YOUR TASK:
Your copy should begin with the line containing "4、成功击败所有敌人后,显示", end with the line containing "During the conversion, SSMA", match the listing below exactly, and contain no pictures.

DATASET CONTENT:
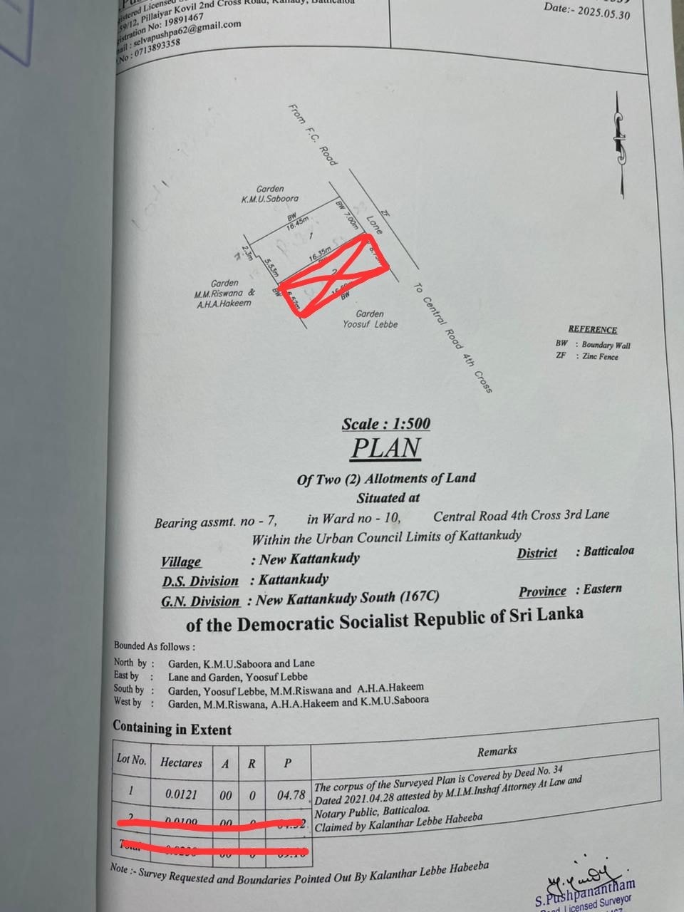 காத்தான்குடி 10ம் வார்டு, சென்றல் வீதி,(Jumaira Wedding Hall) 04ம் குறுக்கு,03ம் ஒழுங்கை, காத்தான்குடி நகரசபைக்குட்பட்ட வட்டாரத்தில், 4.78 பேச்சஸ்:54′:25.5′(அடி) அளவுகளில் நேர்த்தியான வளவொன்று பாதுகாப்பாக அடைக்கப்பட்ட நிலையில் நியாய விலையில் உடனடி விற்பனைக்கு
--
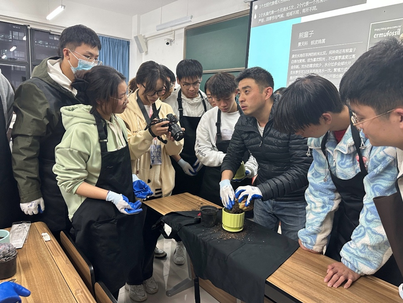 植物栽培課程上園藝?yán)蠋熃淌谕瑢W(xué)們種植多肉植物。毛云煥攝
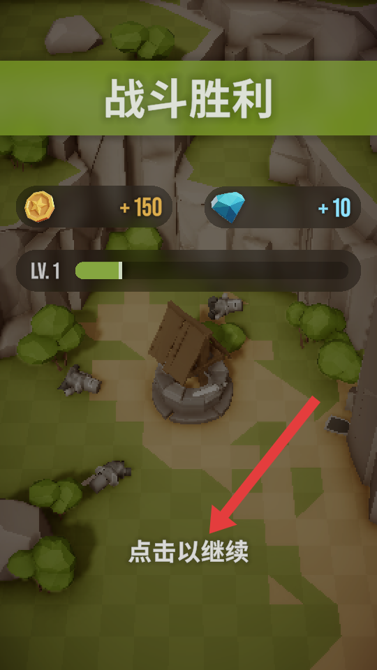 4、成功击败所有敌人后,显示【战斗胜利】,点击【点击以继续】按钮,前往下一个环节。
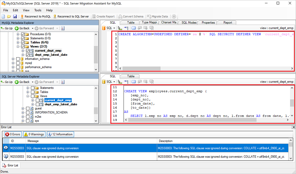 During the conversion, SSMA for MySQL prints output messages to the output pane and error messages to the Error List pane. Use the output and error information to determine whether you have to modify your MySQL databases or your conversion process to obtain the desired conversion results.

SOLUTION:
 4、成功击败所有敌人后,显示【战斗胜利】,点击【点击以继续】按钮,前往下一个环节。
 During the conversion, SSMA for MySQL prints output messages to the output pane and error messages to the Error List pane. Use the output and error information to determine whether you have to modify your MySQL databases or your conversion process to obtain the desired conversion results.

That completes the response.